• What this task involves
A verbatim reproduction of the lines below, from the line containing "Quartz (SiO2) particles" through the line containing "- Mundstückhalter: Wenn", both ends included, is the whole required output.

• Data extract
------------------------------

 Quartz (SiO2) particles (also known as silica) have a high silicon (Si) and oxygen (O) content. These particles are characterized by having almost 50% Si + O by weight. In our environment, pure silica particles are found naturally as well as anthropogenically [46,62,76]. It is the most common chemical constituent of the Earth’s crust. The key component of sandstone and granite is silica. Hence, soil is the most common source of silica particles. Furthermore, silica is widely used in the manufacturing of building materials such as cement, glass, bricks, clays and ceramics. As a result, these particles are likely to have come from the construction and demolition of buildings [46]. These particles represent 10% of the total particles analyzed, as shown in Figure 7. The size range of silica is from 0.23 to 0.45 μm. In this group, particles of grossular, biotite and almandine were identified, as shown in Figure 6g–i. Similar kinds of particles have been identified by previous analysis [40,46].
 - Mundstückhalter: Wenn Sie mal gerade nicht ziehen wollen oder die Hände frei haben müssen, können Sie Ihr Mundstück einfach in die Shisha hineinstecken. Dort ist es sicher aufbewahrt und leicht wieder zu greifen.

------------------------------

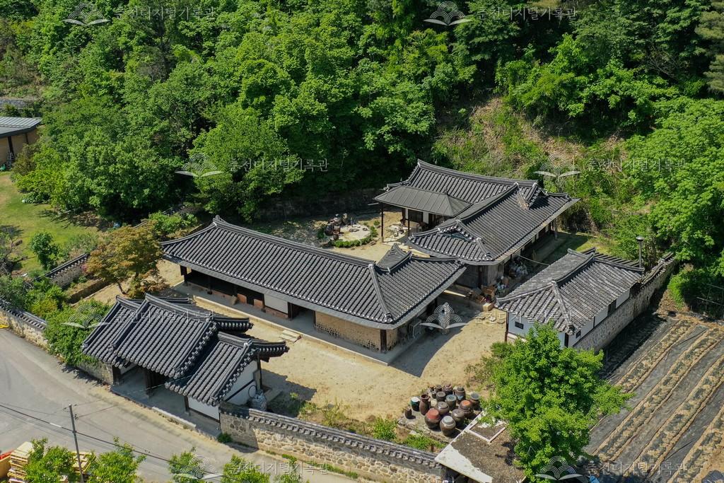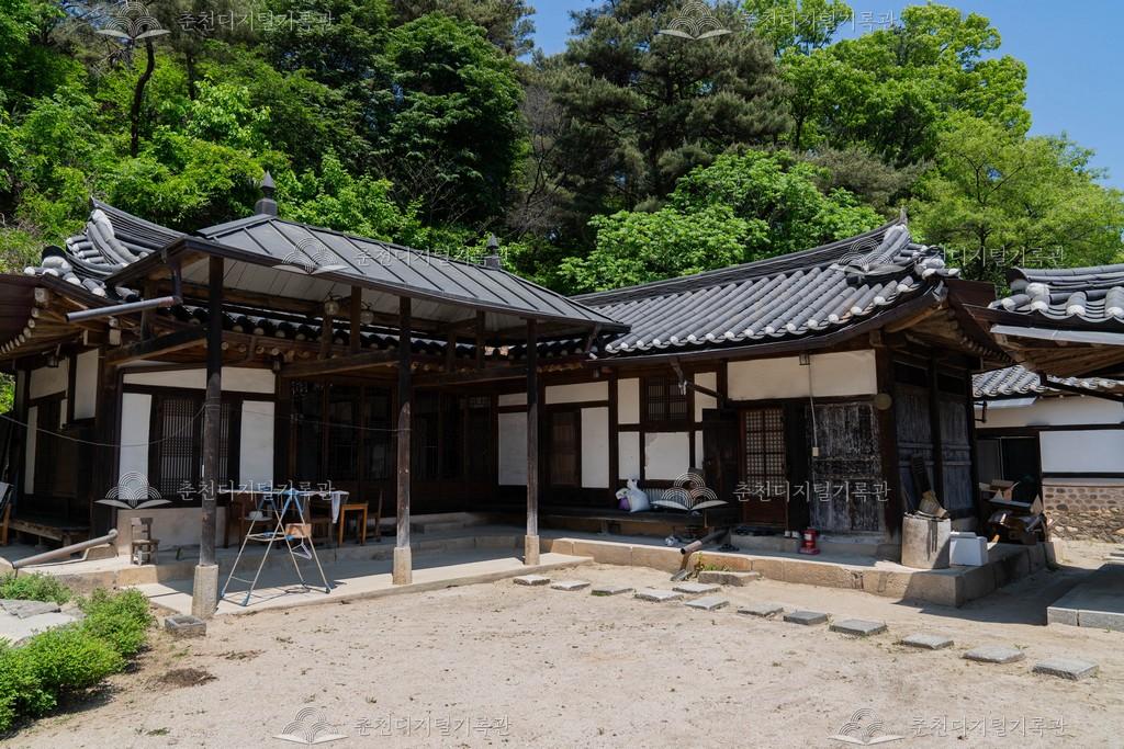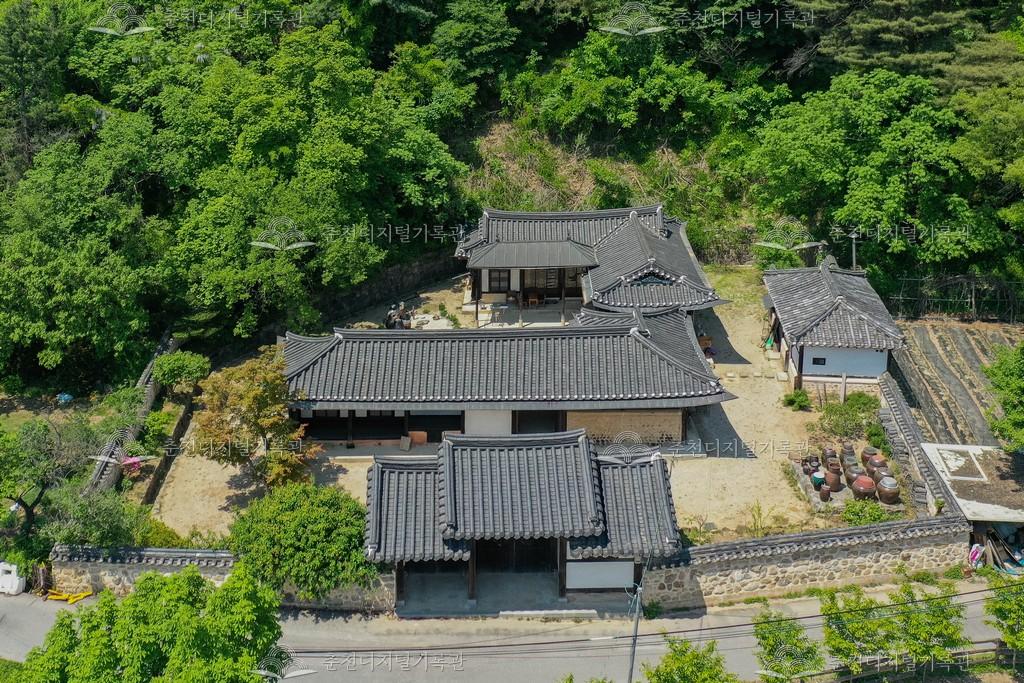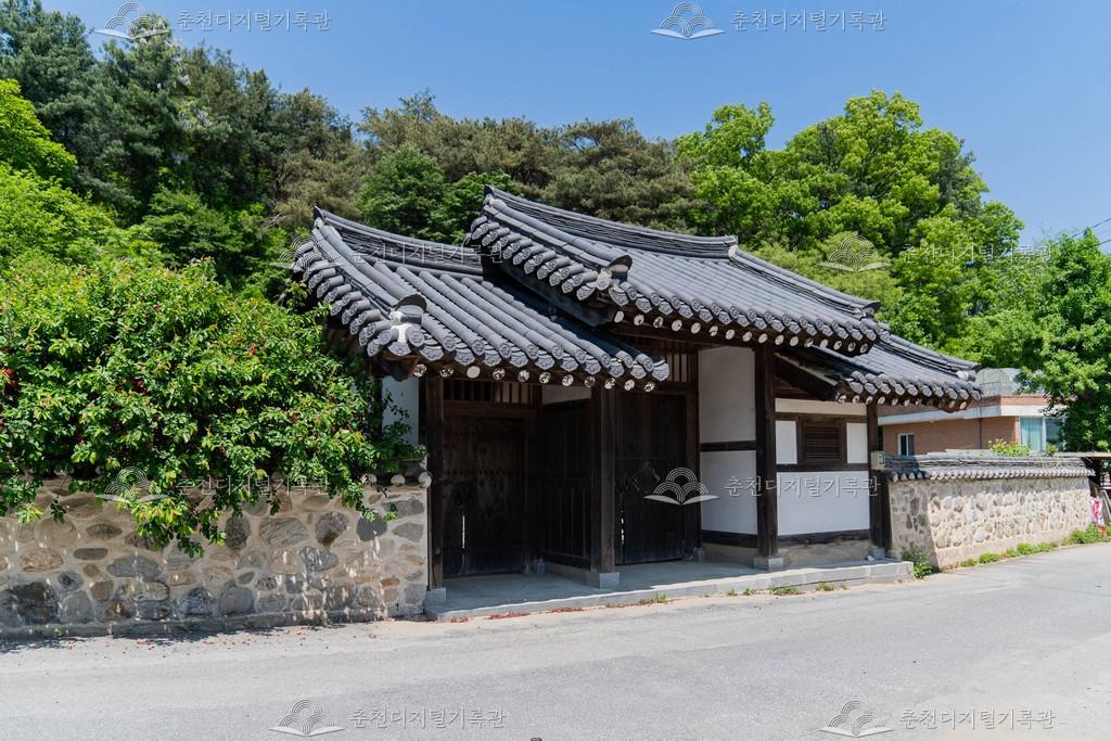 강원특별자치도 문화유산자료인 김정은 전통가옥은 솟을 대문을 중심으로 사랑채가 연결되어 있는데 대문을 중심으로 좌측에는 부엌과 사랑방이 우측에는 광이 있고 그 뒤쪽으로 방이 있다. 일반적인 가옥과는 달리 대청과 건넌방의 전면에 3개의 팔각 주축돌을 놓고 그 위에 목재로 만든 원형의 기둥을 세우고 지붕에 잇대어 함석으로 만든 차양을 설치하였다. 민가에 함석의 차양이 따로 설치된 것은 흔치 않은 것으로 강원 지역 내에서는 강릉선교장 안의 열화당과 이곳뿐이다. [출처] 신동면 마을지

------------------------------

• Answer box
 Quartz (SiO2) particles (also known as silica) have a high silicon (Si) and oxygen (O) content. These particles are characterized by having almost 50% Si + O by weight. In our environment, pure silica particles are found naturally as well as anthropogenically [46,62,76]. It is the most common chemical constituent of the Earth’s crust. The key component of sandstone and granite is silica. Hence, soil is the most common source of silica particles. Furthermore, silica is widely used in the manufacturing of building materials such as cement, glass, bricks, clays and ceramics. As a result, these particles are likely to have come from the construction and demolition of buildings [46]. These particles represent 10% of the total particles analyzed, as shown in Figure 7. The size range of silica is from 0.23 to 0.45 μm. In this group, particles of grossular, biotite and almandine were identified, as shown in Figure 6g–i. Similar kinds of particles have been identified by previous analysis [40,46].
 - Mundstückhalter: Wenn Sie mal gerade nicht ziehen wollen oder die Hände frei haben müssen, können Sie Ihr Mundstück einfach in die Shisha hineinstecken. Dort ist es sicher aufbewahrt und leicht wieder zu greifen.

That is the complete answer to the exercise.